What I find absurd about pawn shops are the customers who come in to a given store, find a given item, nitpick about why it is somehow not to their liking, and then make broad sweeping proclamations about the profession in general without really having a clue as to the complexity of the job. It sort of reminds me of the pimple-faced comic book experts wanting to argue with the author of a series about why a given super hero held his super weapon in the wrong hand in frame 6, page 15 of issue 62.
To run a pawn shop, you have to be the jack of all trade wares and general merchandise. You have to know high to low quality, multitudes of types, countless brands, sizes, attachments, and fittings. You have to know consumer trends (if you are good). You have to know your customer base and a huge percentage of your customer base thinks you are an idiot who paid nothing for the stuff for sale (sounds genius to me, but that isn't how it works) and who should sell it for just about nothing as well.
Pawn shops are heavily regulated in Texas, the location of the OP, subject to being audited by at least 4 different government agencies (-1 if you don't sell guns).

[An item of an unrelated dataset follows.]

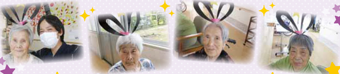
みなさんの願いごとが叶いますように

Suffice it to say, there isn't a broker alive who knows all values about all grades of all variants of all models of all types of product that may come through the front door. However, I will say this. Compared to most other industries, pawn shops are one of the most lucrative businesses around. You see a lot of banks, eateries, retails stores, etc. folding up shop, but not pawn shops. Contrary to the generalizations of the OP, people running pawn shops (not necessarily the clerks, but managers and owners) are some of the most diverse thinking people you will find who have to control a tremendous amount of variable information on a daily basis that changes on a daily basis. It is truly an amazing business.